▶ **How to complete this task**:
Among the entries below, retype exactly the lines starting with the one with "A sajtótájékoztató zárásaként" and going on through the one with "LOT: 43824483 VIN: 3C4NJDDB1LT207736", but not the pictures.

▶ **Records supplied**:
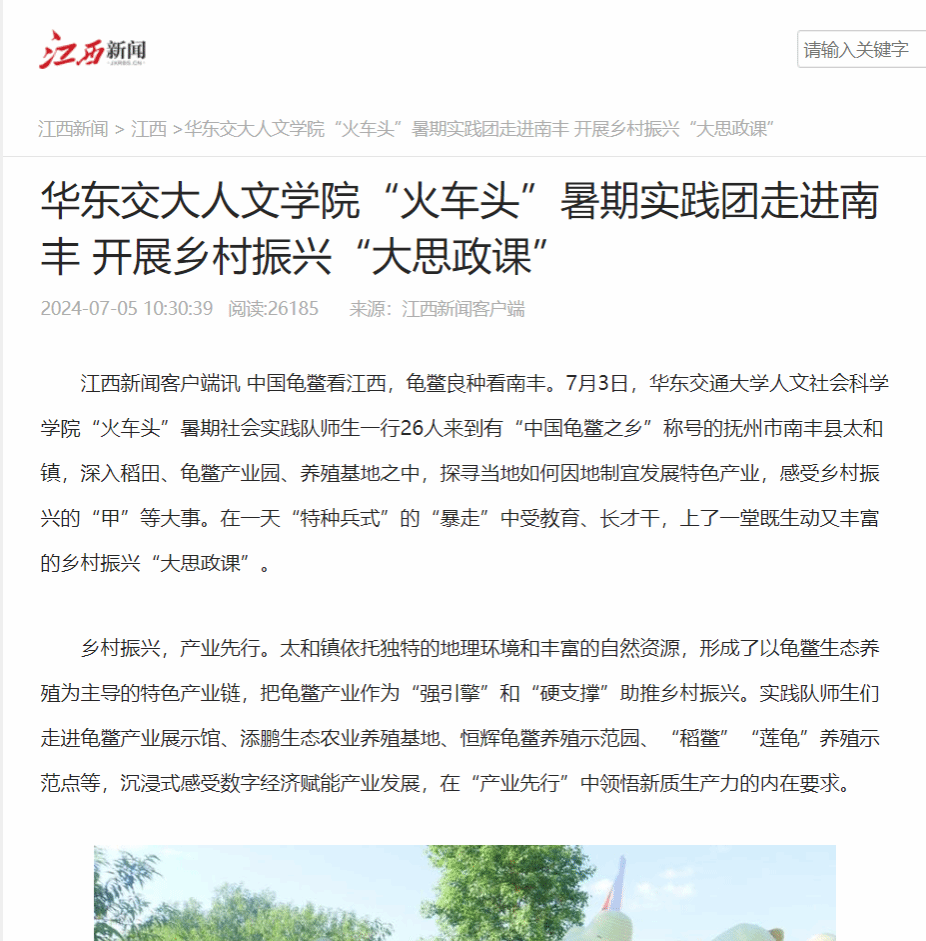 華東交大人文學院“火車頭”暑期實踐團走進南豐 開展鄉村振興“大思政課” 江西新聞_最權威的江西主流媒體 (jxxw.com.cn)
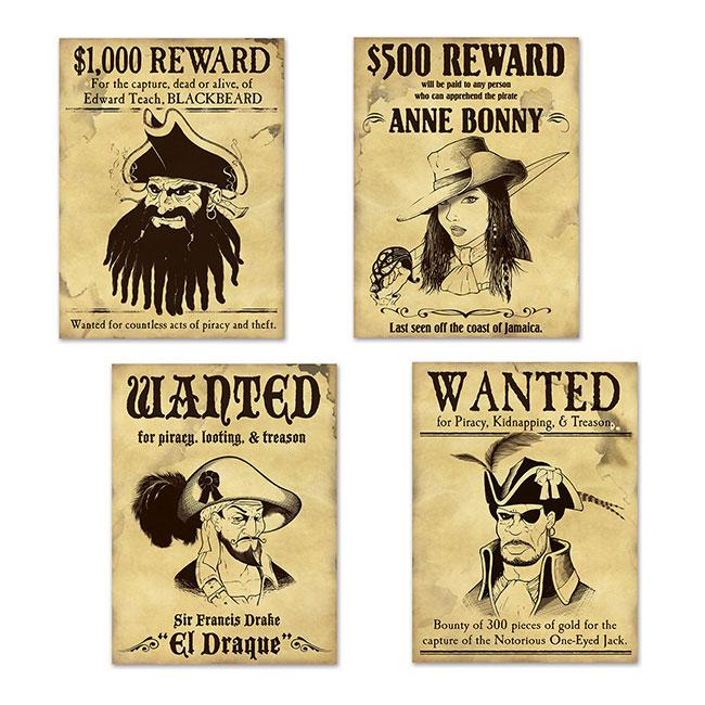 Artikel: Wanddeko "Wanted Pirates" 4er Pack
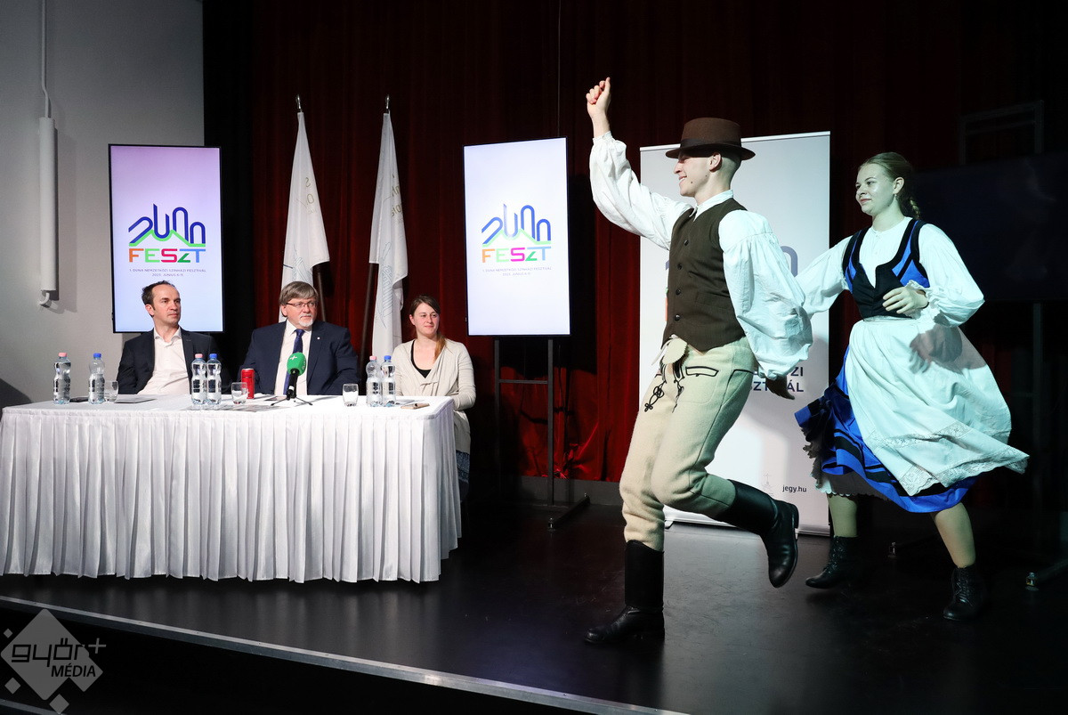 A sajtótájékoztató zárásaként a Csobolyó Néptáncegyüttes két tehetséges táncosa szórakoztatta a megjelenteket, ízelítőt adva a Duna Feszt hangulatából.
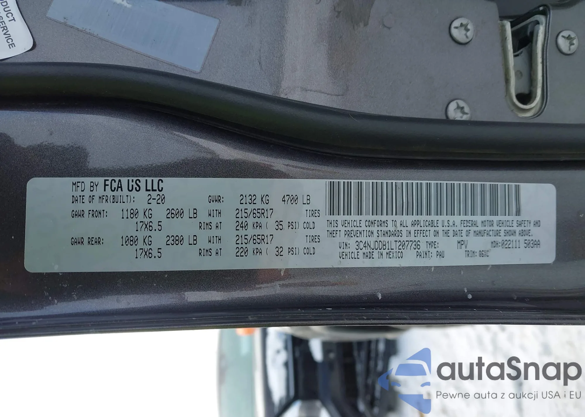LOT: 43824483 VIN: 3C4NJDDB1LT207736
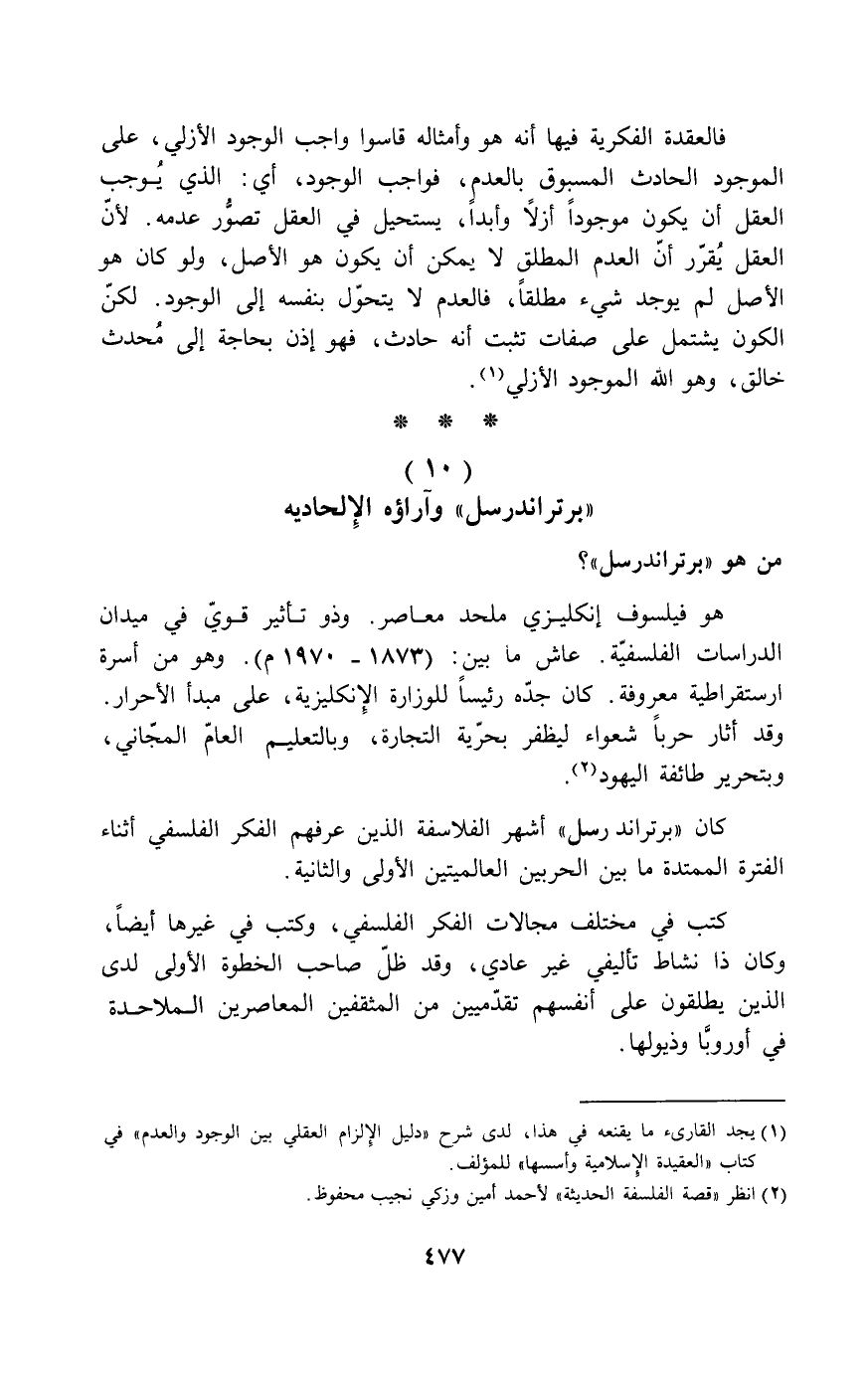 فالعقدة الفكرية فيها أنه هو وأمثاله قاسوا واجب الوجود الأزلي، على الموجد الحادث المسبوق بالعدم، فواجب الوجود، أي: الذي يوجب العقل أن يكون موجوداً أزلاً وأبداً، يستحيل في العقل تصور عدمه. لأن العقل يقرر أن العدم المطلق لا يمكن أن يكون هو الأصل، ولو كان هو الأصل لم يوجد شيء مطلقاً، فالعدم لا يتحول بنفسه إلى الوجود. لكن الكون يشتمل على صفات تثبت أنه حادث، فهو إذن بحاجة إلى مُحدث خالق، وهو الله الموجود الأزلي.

▶ **Response for this exercise**:
 A sajtótájékoztató zárásaként a Csobolyó Néptáncegyüttes két tehetséges táncosa szórakoztatta a megjelenteket, ízelítőt adva a Duna Feszt hangulatából.
LOT: 43824483 VIN: 3C4NJDDB1LT207736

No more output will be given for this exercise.